Il s'en déduit que l'encadrant bénévole qui connaissait le niveau débutant de Mme [O], se devait d'anticiper le risque accru, inhérent à son inexpérimentation et à sa mauvaise maîtrise des gestes techniques, en renforçant les mesures de protection par la mise en place d'un tapis de réception plus épais, mieux à même d'amortir le saut imparfait d'un pratiquant novice. M. [B] [W], titulaire d'un brevet d'initiation en structure artificielle d'escalade, dont la déclaration signée est produite par Mme [O], souligne combien une chute verticale sur un tapis peu épais peut se révéler traumatisante pour le corps quelque soit la hauteur de cette chute, et ce d'autant plus que les chaussons d'escalade, comme l'a relevé également Mme [S] [I], kinésithérapeute de profession, dont la déclaration est produite par les deux parties, limitent le rôle d'amortisseur de la voûte plantaire. M. [W] ajoute que, conscient qu'une chute de hauteur faible à élevée provoquerait des blessures, il ne permettrait pas à des grimpeurs novices d'évoluer avec des tapis peu épais à mousse dure. Or, il est constant que la fracture de l'astragale dont a souffert Mme [O] trouve son origine dans un traumatisme consécutif à la réception sur le tapis.

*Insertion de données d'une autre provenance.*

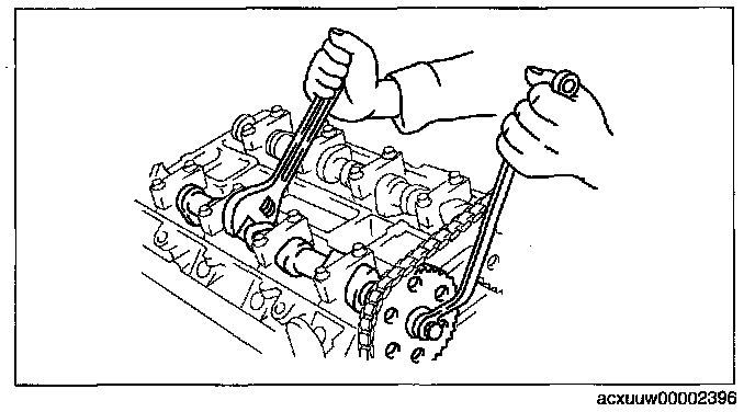 Fix the exhaust camshaft using a wrench on the cast hexagon, and tighten the sprocket installation bolt.
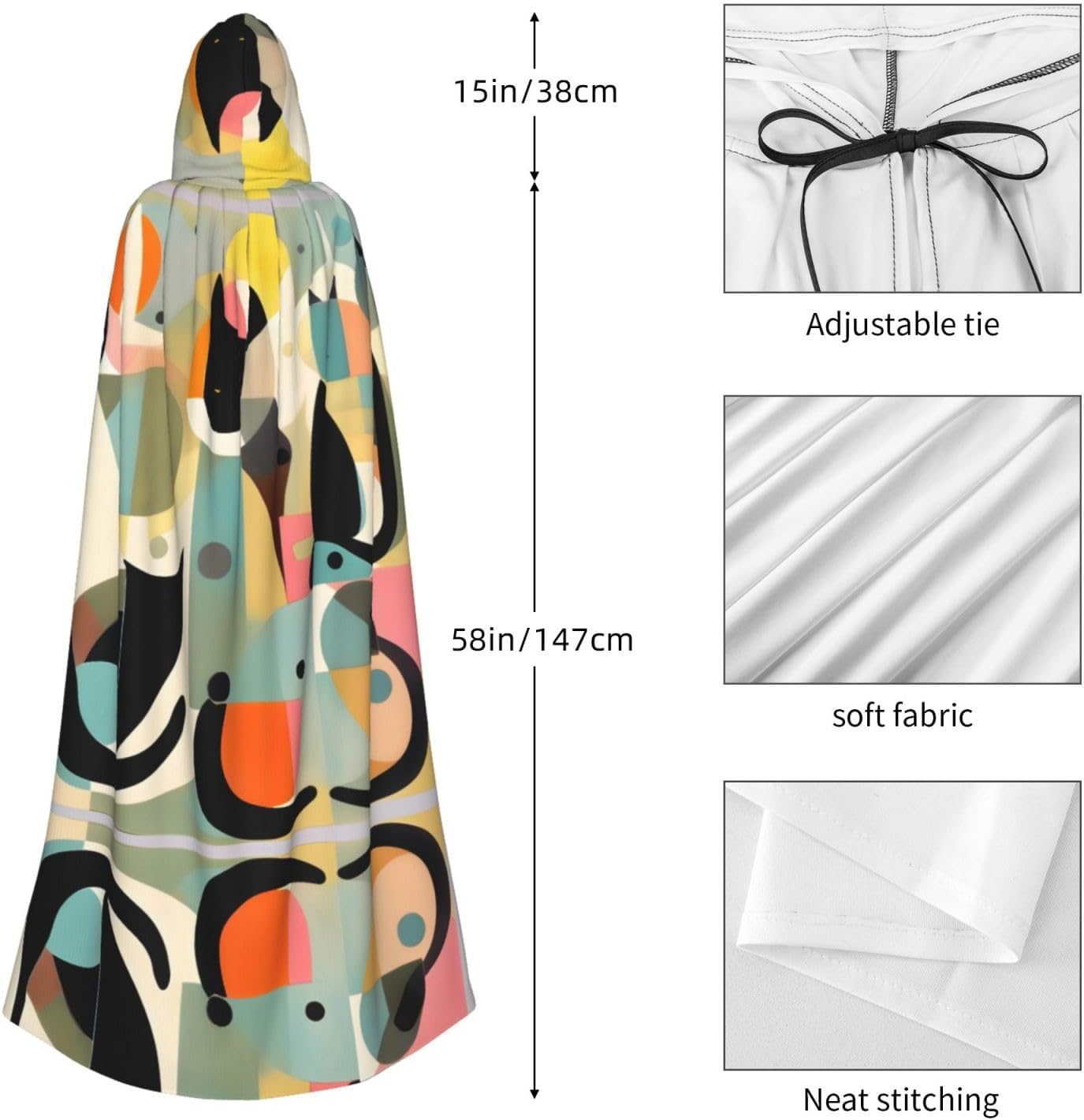 Stampa HD, mantello unisex con cappuccio, mantello a lunghezza intera per feste in costume di Halloween, immagine vivida, per offrirti un'esperienza nuova di zecca. Progettato per donne adulte, il mantello unisce magnificamente moda e funzionalità. È realizzato in 100% poliestere, promette longevità e morbidezza sulla pelle. Il design del mantello, caratterizzato da un cappuccio oversize, è perfetto per aggiungere un'aria di mistica al tuo outfit. La lunghezza e la larghezza generose offrono una vestibilità ampia e fluida, mentre il cappuccio alto 45,7 cm offre un'ampia copertura. Il mantello non si limita alle celebrazioni di Halloween. È abbastanza versatile per varie occasioni: pensa a giochi di ruolo, feste in costume, balli in maschera e persino convention a fumetti. Prendersi cura di questo accattivante mantello è un gioco da ragazzi poiché è lavabile in lavatrice e altamente resistente. Vestiti con stile con il nostro incredibile mantello con cappuccio.

En conséquence, même si l'épaisseur des tapis litigieux était conforme à la norme prévue, l'obligation de sécurité qui pesait sur l'encadrant entrainait une nécessaire adaptation des règles de protection habituelles au niveau débutant de Mme [O] de sorte que le [6] ne peut se retrancher derrière le respect de la norme NF P90-312 pour considérer qu'il n'a pas failli à son obligation. C'est donc à juste titre que le tribunal a retenu un manquement du [6] à son obligation de sécurité et de prudence et considéré que sa faute était à l'origine du dommage subi par Mme [O].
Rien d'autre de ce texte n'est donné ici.